Prompt → Under this line are the records; repeat exactly the lines starting at the one containing "Apartamento com 87,32m², nascente, 2" and ending at the one containing "Loads of resources", omitting pictures.

Data excerpts →

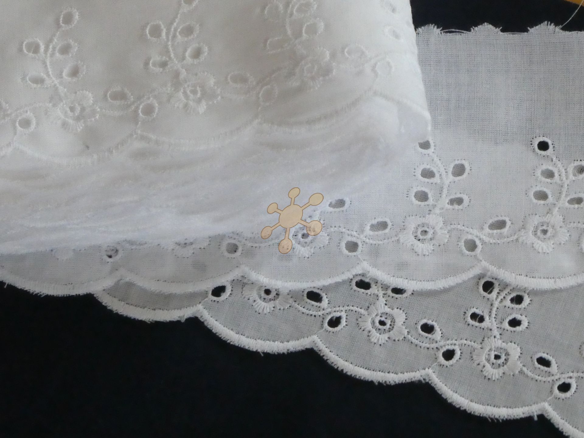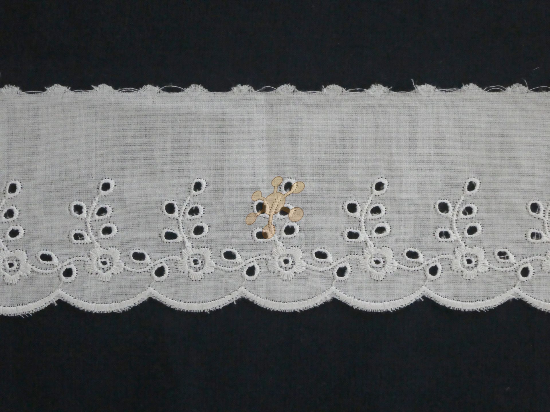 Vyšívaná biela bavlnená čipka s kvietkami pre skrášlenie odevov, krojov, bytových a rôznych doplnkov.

...

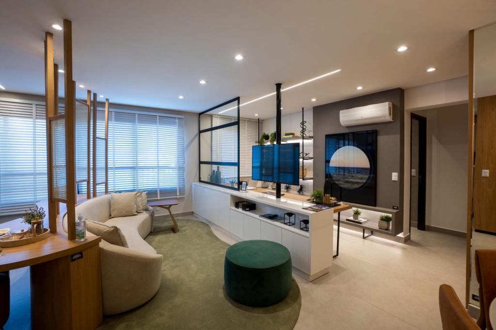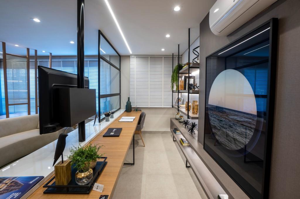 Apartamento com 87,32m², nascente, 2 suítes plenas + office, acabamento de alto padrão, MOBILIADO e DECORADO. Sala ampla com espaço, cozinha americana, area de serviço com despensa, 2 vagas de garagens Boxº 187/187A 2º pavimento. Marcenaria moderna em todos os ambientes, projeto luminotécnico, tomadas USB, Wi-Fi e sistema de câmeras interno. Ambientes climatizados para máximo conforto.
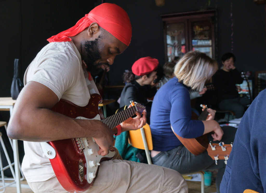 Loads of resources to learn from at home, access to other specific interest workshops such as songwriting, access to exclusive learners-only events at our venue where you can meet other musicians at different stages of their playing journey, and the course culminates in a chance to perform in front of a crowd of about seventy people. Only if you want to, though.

Task response →
 Apartamento com 87,32m², nascente, 2 suítes plenas + office, acabamento de alto padrão, MOBILIADO e DECORADO. Sala ampla com espaço, cozinha americana, area de serviço com despensa, 2 vagas de garagens Boxº 187/187A 2º pavimento. Marcenaria moderna em todos os ambientes, projeto luminotécnico, tomadas USB, Wi-Fi e sistema de câmeras interno. Ambientes climatizados para máximo conforto.
 Loads of resources to learn from at home, access to other specific interest workshops such as songwriting, access to exclusive learners-only events at our venue where you can meet other musicians at different stages of their playing journey, and the course culminates in a chance to perform in front of a crowd of about seventy people. Only if you want to, though.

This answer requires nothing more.